Liquidity and Capital Resources
The Company's operating activities generated cash of $6,746 in the first quarter
of fiscal 2000 and used cash of $80,704 in the first quarter of fiscal 1999. The
cash generated from operations during the first quarter of fiscal 2000 was
principally from increases in customer deposits from orders generated at the
recently completed 1999 Annual Meeting of the American Academy of Ophthalmology,
increased accounts payable and accrued liability levels and collection of
accounts receivable, which amounts essentially offset cash expended to fund the
net loss during the period. The cash used in operations during the first quarter
of 1999 was expended principally to fund the net loss during the period. This
amount was significantly offset by increases in customer deposits from orders
generated at the 1998 AAO Meeting and increases in accrued liabilities,
including those liabilities accrued in connection with professional costs
associated with on-going negotiations with Premier as well as interest
associated with borrowings from Premier (see Note 4 of Notes to Condensed
<PAGE>15
Financial Statements included in Item 1 of this Form 10-QSB).
Cash used in investing activities was $18,995 during the first quarter of 2000
as compared to $547 during the same period for 1999. The Company's primary
investing activities consist of equipment and other capital asset acquisitions.
The Company does not currently have any pending material commitments for capital
expenditures and the Company has deferred significant capital acquisition
decisions pending improved cash flow.
The Company generated cash from financing activities of $81,094 during the first
quarter of fiscal 2000 as compared to using cash of $68,847 during the same
period of fiscal 1999. The cash generated from financing activities during the
first quarter of fiscal 2000 was resulted from the exercise of stock options by
the Exercising Directors during the period as well as an increase in the amount
of borrowings under the credit facility with Imperial Bank (the "Bank"). In
addition, pursuant to certain stock purchase agreements with respect to the
Company's Series B Preferred Stock, Premier purchased 150 shares of the
Company's Series B Preferred Stock at a per share price of $25 in exchange for
Premier's cancellation of certain of the Company's debt in the aggregate amount
of $3,750. The use of cash in financing activities during the 1999 period was
principally repayments of borrowings under the credit facility with the Bank,
which amount was partially offset by an increase in the amount of borrowings
under the note payable to and unsecured advances by Premier. Principal
repayments on notes payable to parties other than Premier were negligible in
1999.
As discussed in further detail in Note 3 of the Notes to Condensed Financial
Statements included in Item 1 of this Form 10-QSB, on July 13, 1999, the Company
entered into an accounts receivable credit agreement (the "Credit Agreement")
with the Bank.
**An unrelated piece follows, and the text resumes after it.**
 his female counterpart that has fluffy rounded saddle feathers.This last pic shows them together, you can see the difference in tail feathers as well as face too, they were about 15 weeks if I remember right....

The Credit Agreement allows for up to an 80% advance rate on
eligible accounts receivable balances. The Bank has full recourse against the
Company under the Credit Agreement and the Credit Agreement remains in effect
from year to year unless terminated in writing by the Company or the Bank.
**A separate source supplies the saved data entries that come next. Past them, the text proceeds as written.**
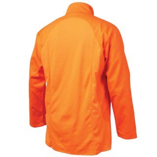 The JF1625-OR offers all the protection of our standard welding jacket, with the added comfort of a lightweight and breathable flame-resistant cotton stretch knit back panel. The looped knit yarns of the back panel offer just the right amount of horizontal “give” as a welder moves his shoulders and arms. And, these looped yarns allow more air to flow through the fabric, providing cooling breathability and comfort. Tested to maintain protection for light welding applications through 50 home washings.
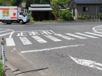 鳥取県では、「一時停止」の停止線が横断歩道を超えて交差点ギリギリにまで出される傾向にあり、同様の例をよく見かけます。
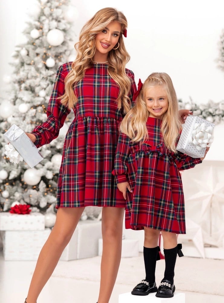 Rochie fete in carouri Craciun mama fiica 3329 carori 1an-L

Borrowings under the Credit Agreement bear interest at the Bank's prime lending
rate plus 10%. The minimum monthly amount charged by the Bank is the greater of
interest calculated in the manner described above or $1,200. Under the terms of
the Credit Agreement, borrowings are secured by substantially all of the
Company's assets. Approximately $24,800 was outstanding under the Credit
Agreement at November 30, 1999.
Additionally, as discussed further in Note 4 of the Notes to Condensed Financial
Statements included in Item 1 of this Form 10-KSB, on April 30, 1998, the
Company executed a promissory note in favor of Premier (the "Premier Note"). The
Company has borrowed the maximum principal amount of $500,000 available under
the Premier Note, which principal amount outstanding, together with any and all
accrued interest, was payable the earlier of written demand by Premier or April
30, 1999. Under the terms of the Premier Note, borrowings bear interest at the
rate of 8 1/2% per annum, are secured by certain of the Company's assets and are
subordinate to borrowings under the Credit Agreement with the Bank. Premier also
has made certain unsecured advances to the Company which are not specifically
covered by the Premier Note. At November 30, 1999, the Company had recorded
<PAGE>16
approximately $1.5 million of indebtedness to Premier, including principal and
interest outstanding under the Note and unsecured advances, as well as charges
and credits pursuant to the terms of the Manufacturing Agreement, and excluding
a $500,000 termination fee in connection with the terminated Stock Purchase
Agreement in 1998 over which there is disagreement between Premier and the
Company as to whether the Company is entitled to said termination fee and
whether such termination fee can be used as an offset to the Company's debt to
Premier. Pursuant to terms of the Merger Agreement, the parties have agreed that
no payments will be required with respect to amounts owing as of August 31, 1999
during the term of the Merger Agreement. If the transactions contemplated under
the Merger Agreement are not consummated and demand for payment is made by
Premier, the Company's ability to continue as a going concern could be seriously
jeopardized, and would depend upon its ability to obtain new financing to repay
the debt to Premier.
At November 30, 1999, the Company's cash and cash equivalents were $246,852.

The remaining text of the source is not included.